Eşim tanıştığımızdan beri hep ‘Seninle Brugge’e gidelim.’ diyordu. Oranın romatizmin baş tacı olarak gösterilen Paris’ten bile romantik olduğunu söylüyordu. İşte tanıştığımızdan beş yıl sonra Brugge’de yan yana yürürken bunlar geldi aklıma. Beş senenin anıları bir bir gözlerimin önünden geçerken dar arnavut kaldırımlardan yürüyüp Belçika’nın nefis çikolatalar satan renkli küçük dükkanlarını gezdik.

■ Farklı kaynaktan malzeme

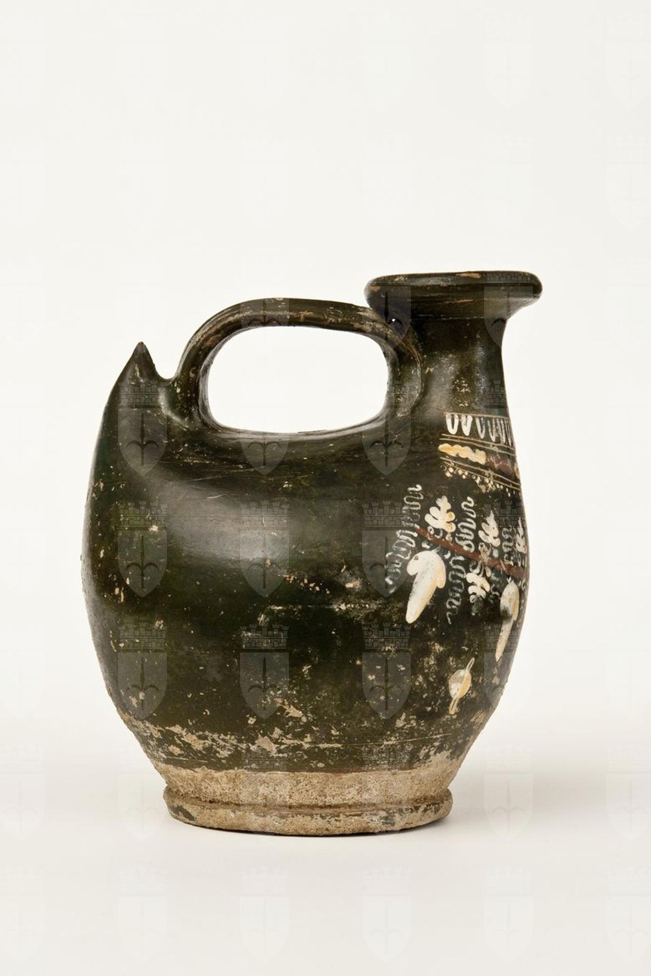 Askos con palla di lana e coppa a vernice nera con sovraddipinture in bianco, giallo, ocra e rosso amaranto ed incisioni. Orlo rigonfio leggermente introflesso, collo cilindrico a profilo concavo, corpo globulare schiacciato, ansa a nastro orizzontale impostata longitudinalmente sulla parte superiore del corpo e saldata al collo, basso piede ad anello. Sul collo: tra una linea incisa e due coppie di linee incise, sequenza di ovuli dipinti in bianco crema e tremuli giallo-rossi, seguiti da gruppi di tre punti. Sul corpo: tralcio di vite con stelo in rosso amaranto, grappoli, pampini, viticci e una rosetta con bottone centrale e petali a cerchio.
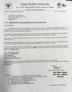 प्राधिकरण ने तत्काल अस्पताल को नोटिस जारी कर अपना पक्ष रखने और सख्त कार्रवाई की चेतावनी दी गई। मुख्य कार्यकारी अधिकारी रीना जोशी ने कहा कि आयुष्मान योजना में लाभार्थियों को भ्रमित करने या उपचार के नाम अवैध वसूली करना अपराध है।
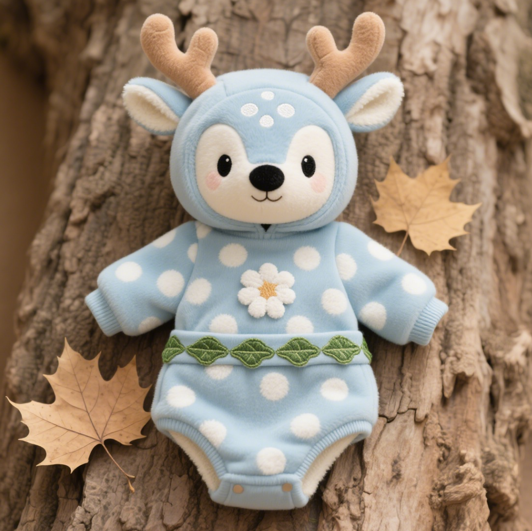 This infant hooded onesie takes a fawn as the cute theme, featuring a light blue base paired with white polka dots; the hood restores the fawn’s shape (with 3D antlers and round ears), and the body is decorated with flower and leaf details for a fresh, soft vibe. Made of soft fabric, it’s skin-friendly and comfortable; the hood balances cuteness and warmth, and the bottom snap buttons facilitate care. Suitable for spring and autumn daily wear, it’s an adorable choice for babies to create a healing animal-themed look.

Kanallarla çevrili tarihi binaların bulunduğu sokaklar, denildiğine göre Belçika’nın eliyle restorasyon adı altında bozulmaktan İngilizlerin sayesinde kurtulabilmiş. Bu nedenle İngilizlere şükran duyan bazı Belçikalılar var. İngilizler burayı görünce aşık olmuşlar ve şehrin üçte birini de satın almışlar. Öyle ya da böyle birileri sahip çıkmış, bu güzelim şehri tarihiyle birlikte uzun süreli korumuştu. Bu küçük şehri kanallarıyla, tarihi meydanları ve şirin kafeleriyle Avrupa’nın en güzel şehirlerinden biri olarak gösterenlere hak verilmeyecek gibi değildi.

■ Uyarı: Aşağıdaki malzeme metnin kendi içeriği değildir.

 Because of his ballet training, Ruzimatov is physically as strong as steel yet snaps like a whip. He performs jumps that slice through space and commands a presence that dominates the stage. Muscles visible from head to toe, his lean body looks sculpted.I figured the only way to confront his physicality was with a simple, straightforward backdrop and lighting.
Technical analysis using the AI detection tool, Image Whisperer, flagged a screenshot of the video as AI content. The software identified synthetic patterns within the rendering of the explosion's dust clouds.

Kırmızı, turuncu, yeşil yapraklı ağaçların dinginliğinde kanal boyunca yürüdükten sonra küçük bir meydanda şirin bir kafenin kaldırımdaki küçük masalarından birine oturup meydandaki bankta oturan sevimli yaşlı bir çifti, köpeğiyle oynayan adamı, at arabalarıyla geziye çıkmış turistleri izlemeye koyulduk. Sarışın garson kız tüm Brugge’lüler gibi saygılı ve canayakındı. Orada yerel birayla yediğimiz gulaş unutulmayacak kadar lezzetliydi, hele de arkamızdan hafif bir güneş bizi ısıtırken.

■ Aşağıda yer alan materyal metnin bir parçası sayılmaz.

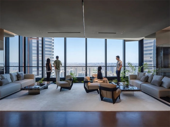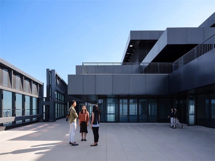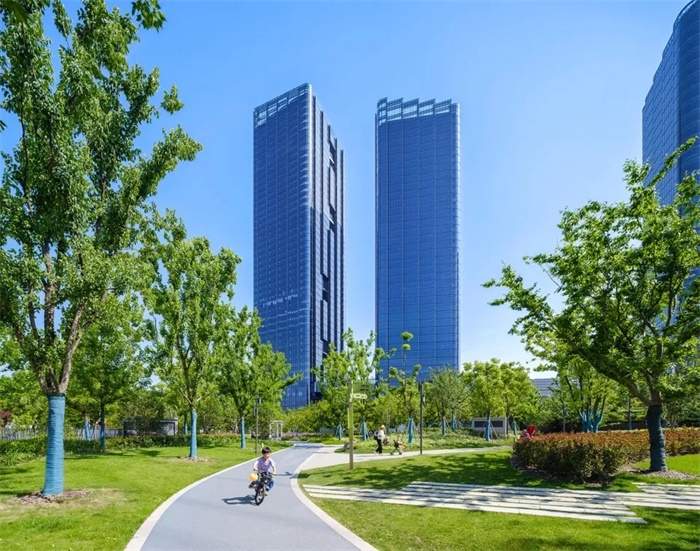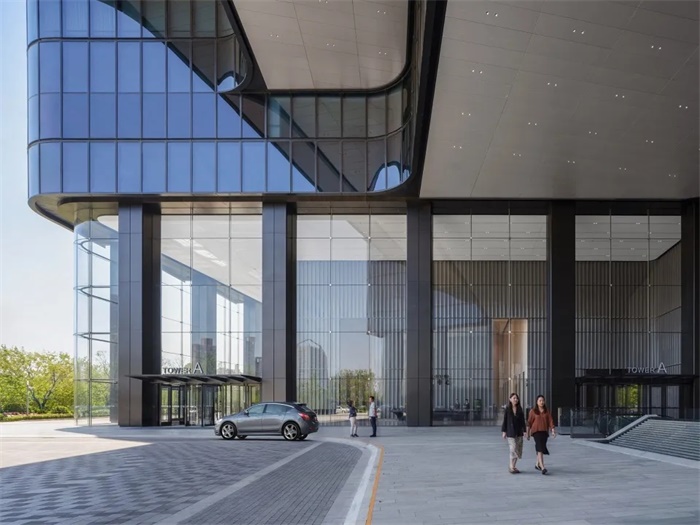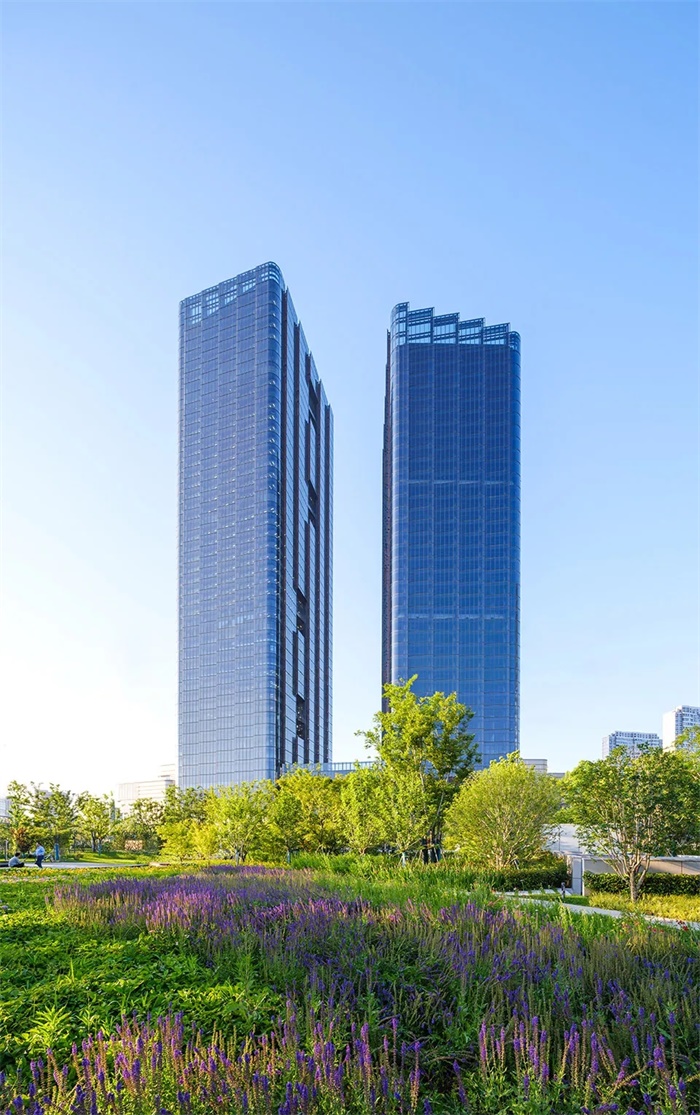 高230米和195米的双子办公塔楼位于场地的西南角,俯瞰场地南侧的真如公园。办公塔楼和商业裙楼在多个楼层连通,为办公人员提供直接进入地下地铁站、首层大堂、购物中心以及裙楼露台层的便捷通道。

Küçük bir şapeldeki Michelangelo’nun 1504’te 20’li yaşlarının ortasında beyaz mermerden yaptığı Madonna’sını görmeye gidiyoruz. Michelangelo’nun hayattayken hiçbir eserinin İtalya dışına çıkmasına izin vermediğini duyduğumdan heykelin Brugge’e nasıl geldiğini biraz araştırdım. Kaynaklarda hep farklı nedenler görünce iyice kafam karıştı. Hatta Michelangelo’nun Madonna heykelini kimseye göstermemesi için babasına yazdığı mektubu duyunca ‘Fazla merak iyi değildir’ diyerek kendimi telkin ettim.
Kanallarda yüzen kuğuları, sonra güçlü atların çektiği arabaları izleyelim derken ‘güçlü’ ile ‘akıllı’ diye turistlere kolayca anlatılan ülke kahramanlarının heykelinin bulunduğu geniş ana meydanda çiçeklerle süslü kaldırım kafelerinden birine vardık. Kahvemizi içerken yağmur geliyorum demeden bir anda bastırdı ve öyle delice yağmaya başladı ki gezimizin sonu ıslak bitti. Yine de Kuzey’in Venedik’inin huzuru üstümüze yapışmıştı.